Don’t be discouraged by life’s setbacks. Here’s how to bounce back when life knocks you down.
When life throws you a curveball, it’s easy to get discouraged. Whether it’s a breakup, wondering if you are ever going to meet “the one”, losing your job, tension with your spouse, or difficulty parenting, these setbacks can seem impossible to conquer. It might feel like there’s no way to bounce back. But there’s a good reason not to let your discouragement get the best of you. Research shows that thinking positively, even when you experience a setback, is associated with living longer, lower rates of depression, and reduced risk of heart disease, according to the Mayo Clinic. Even better, thinking positively is associated with better physical and psychological well-being and better coping skills during times of stress. Even though it might be difficult, thinking positively has many more benefits than letting yourself stay discouraged. Remember, you have the power to choose your reaction to what happens to you in life.

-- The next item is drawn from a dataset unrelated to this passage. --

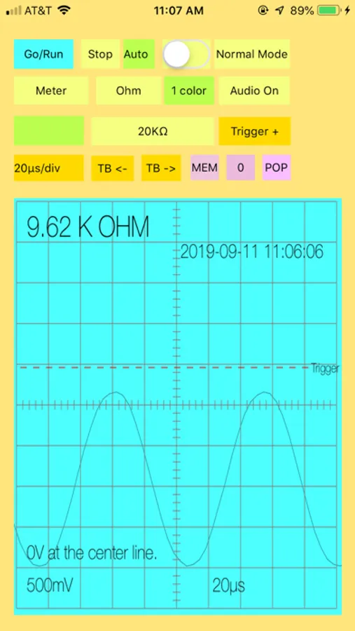 Displaying any input signal, sine or square wave for oscilloscope function.
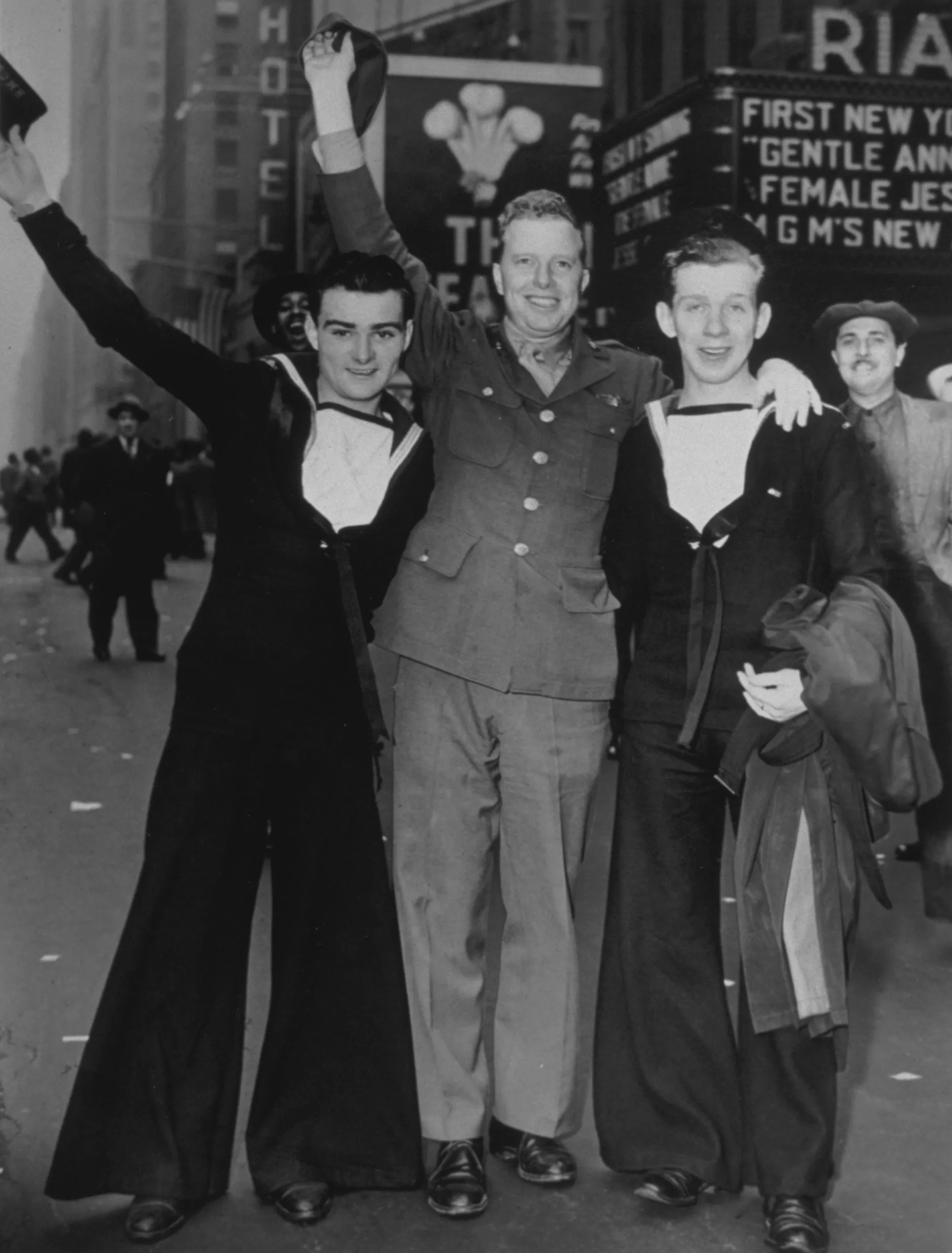 8th May 1945: An American soldier flanked by two British sailors, in New York City, greeting the news of Germany's unconditional surrender with waves and cheers. (Photo by Fox Photos/Getty Images)

One amazing example of choosing to be discouraged even in the face of the most awful circumstances is the life of Viktor Frankl who shared his story in his book Man’s Search for Meaning. Frankl was a psychiatrist who was imprisoned in a concentration camp during World War II. He was separated from his wife and children and never saw them again. He observed that, even in the horrific circumstances of the concentration camp where people were starving and being murdered daily, people found reasons not to be discouraged and to hope. For Frankl, thinking of his wife and the book he hoped to write gave him hope whenever he started to be discouraged. Now, this might be an extreme example but it shows how, even in the worst possible circumstances, it’s possible to choose your attitude and response to what is happening to you. You can choose to keep moving forward with an optimistic attitude even when the worst happens.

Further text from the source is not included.